Locally without parallelization

# Read from a dataframe & use the omop converter
docs = edsnlp.data.from_pandas(data, converter="omop")

# Add the pipeline to operations that will be run
docs = docs.map_pipeline(nlp)

# Convert each doc to a list of dicts (one by entity)
# and store the result in a pandas DataFrame
note_nlp = docs.to_pandas(
    converter="ents",
    # Below are the arguments to the converter
    span_getter=["ents", "dates"],
    span_attributes=[  # (1)
        # span._.*** name: column name
        "negation",
        "hypothesis",
        "family",
        "date.datetime",
        # having individual columns for each date part
        # can be useful for incomplete dates (eg, "in May")
        "date.day",
        "date.month",
        "date.year",
    ],
)
  1. You can just pass a dict if you want to explicitely rename the attributes.

The result on the first note:

note_id start end label lexical_variant negation hypothesis family key
0 0 7 patient Patient 0 0 0 ents
0 114 121 patient patient 0 0 1 ents
0 17 34 2021-09-25 25 septembre 2021 nan nan nan dates

Locally, using multiple parallel workers

# Read from a dataframe & use the omop converter
docs = edsnlp.data.from_pandas(data, converter="omop")
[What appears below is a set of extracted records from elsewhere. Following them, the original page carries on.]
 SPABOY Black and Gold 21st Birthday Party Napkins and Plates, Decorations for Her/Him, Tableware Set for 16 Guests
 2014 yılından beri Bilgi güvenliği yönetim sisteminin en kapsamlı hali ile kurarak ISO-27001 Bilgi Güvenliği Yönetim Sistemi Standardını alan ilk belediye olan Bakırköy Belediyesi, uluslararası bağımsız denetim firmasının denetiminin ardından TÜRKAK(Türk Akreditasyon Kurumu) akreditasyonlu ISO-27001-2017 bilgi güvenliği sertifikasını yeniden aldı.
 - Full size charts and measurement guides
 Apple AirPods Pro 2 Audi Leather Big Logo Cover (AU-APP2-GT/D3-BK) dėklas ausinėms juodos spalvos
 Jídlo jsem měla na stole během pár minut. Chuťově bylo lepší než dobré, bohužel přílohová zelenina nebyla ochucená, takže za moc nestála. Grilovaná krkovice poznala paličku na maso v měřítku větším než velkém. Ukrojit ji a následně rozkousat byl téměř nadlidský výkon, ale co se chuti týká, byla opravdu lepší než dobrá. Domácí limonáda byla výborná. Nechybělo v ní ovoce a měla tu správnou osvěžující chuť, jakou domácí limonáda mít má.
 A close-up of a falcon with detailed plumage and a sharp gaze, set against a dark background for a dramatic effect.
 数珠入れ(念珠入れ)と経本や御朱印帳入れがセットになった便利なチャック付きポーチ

# Add the pipeline to operations that will be run
docs = docs.map_pipeline(nlp)

# The operations of our stream will be distributed on multiple workers
docs = docs.set_processing(backend="multiprocessing")

# Convert each doc to a list of dicts (one by entity)
# and store the result in a pandas DataFrame
note_nlp = docs.to_pandas(
    converter="ents",
    span_getter=["ents", "dates"],
    span_attributes=[
        "negation",
        "hypothesis",
        "family",
        "date.datetime",

        # having individual columns for each date part
        # can be useful for incomplete dates (eg, "in May")
        "date.day",
        "date.month",
        "date.year",
    ],
)

!!! note "Deterministic processing"

By default, from version 0.14.0, EDS-NLP dispatches tasks to workers in a round-robin fashion to ensure deterministic processing. This mechanism can be disabled to send documents to workers as soon as they are available, which may result in faster processing but out-of-order results.
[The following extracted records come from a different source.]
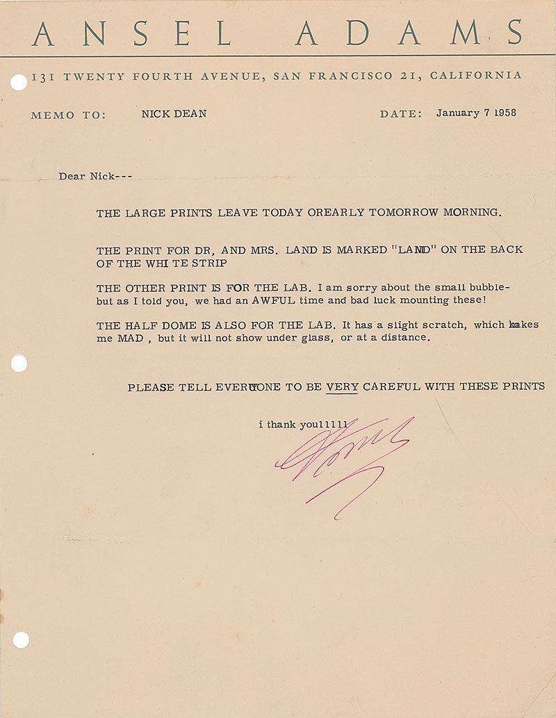 TLS, one page, 8.5 x 11, personal letterhead, January 7, 1958. Letter to Nick Dean. In part: “The large prints leave today…The Half Dome is also for the lab. It has a slight scratch, which makes me mad, but it will not show under glass, or at a distance. Please tell everyone to be very careful with these prints.” Punch holes to left edge, a few wrinkles, and a uniform shade of mild toning, otherwise fine condition.
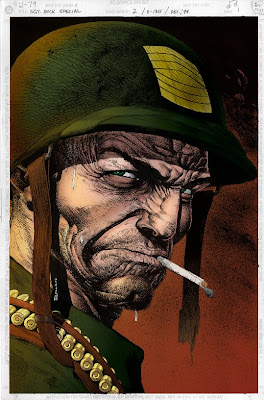 Outra coisa, Sgt Rock é um personagem de época.Assim como Watchmen,não podem simplesmente botar o Dr Manhatthan destruindo terroristas iraquianos ou algo do tipo (como Paul Grengrass quase fez) porque isso vai contra todo o conceito original.V de Vingança tinha essa possibilidade de adaptação, de mudança de data, porque de certa forma o assunto abordado ainda acontece hoje em dia.Mas tirar da Companhia Moleza a possibilidade de chutar bundas nazistas é triste mas desejo que essa idéia de jerico seja jogada fora e que façam algo jus ao excelente personagem que é.
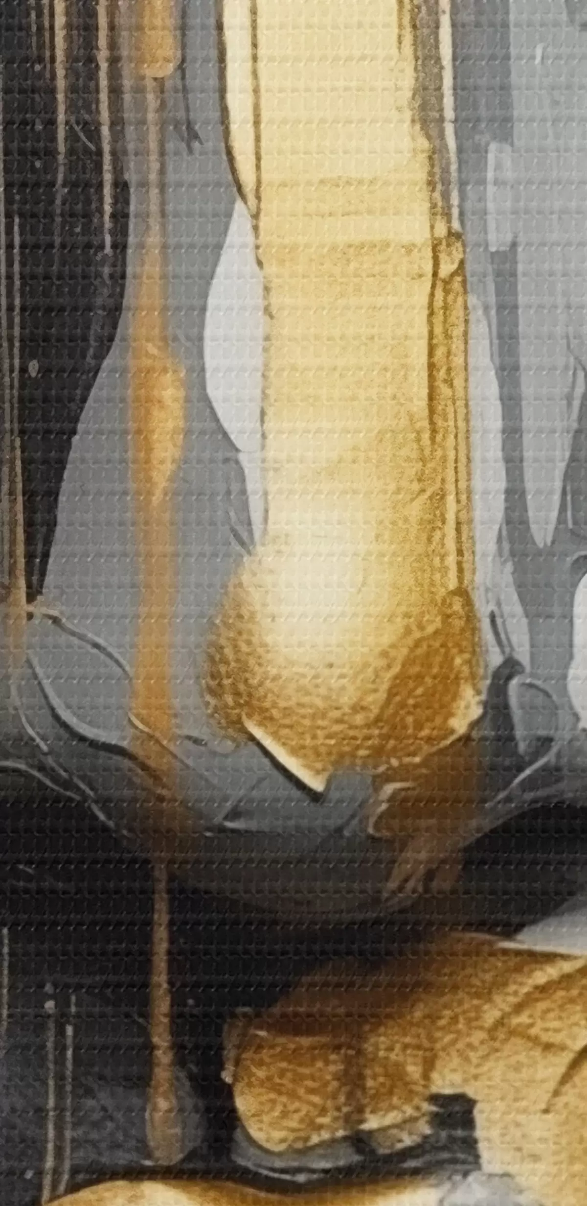 Selle lõuendi peenike niidipunus meenutab professionaalse kunstniku lõuendi pinda.

To disable processing determinism, use `set_processing(deterministic=False)`. Note that this parameter is only used when using the `multiprocessing` backend.

In a distributed fashion with spark

To use the Spark engine to distribute the computation, we create our stream from the Spark dataframe directly and write the result to a new Spark dataframe. EDS-NLP will automatically
distribute the operations on the cluster (setting backend="spark" behind the scenes), but you can change the backend (for instance to multiprocessing to run locally).

!!! warning "Spark backend"

When processing from AND to a Spark DataFrame, the backend is automatically set to "spark".

We do NOT recommend using other backend when Spark dataframe are involved, as there may be a discrepancy between the time it takes to process the data locally and the timeout of the spark job.
# Read from the pyspark dataframe & use the omop converter
docs = edsnlp.data.from_spark(df, converter="omop")

# Add the pipeline to operations that will be run
docs = docs.map_pipeline(nlp)

# Backend is set by default to "spark"
# docs = docs.set_processing(backend="spark")

# Convert each doc to a list of dicts (one by entity)
# and store the result in a pyspark DataFrame
note_nlp = docs.to_spark(
    converter="ents",
    span_getter=["ents", "dates"],
    span_attributes=[
        "negation",
        "hypothesis",
        "family",
        "date.datetime",

        # having individual columns for each date part
        # can be useful for incomplete dates (eg, "in May")
        "date.day",
        "date.month",
        "date.year",
    ],
    dtypes=None,  # (1)
)
  1. If you don't pass a dtypes argument, EDS-NLP will print the inferred schema it such that you can copy-paste it in your code.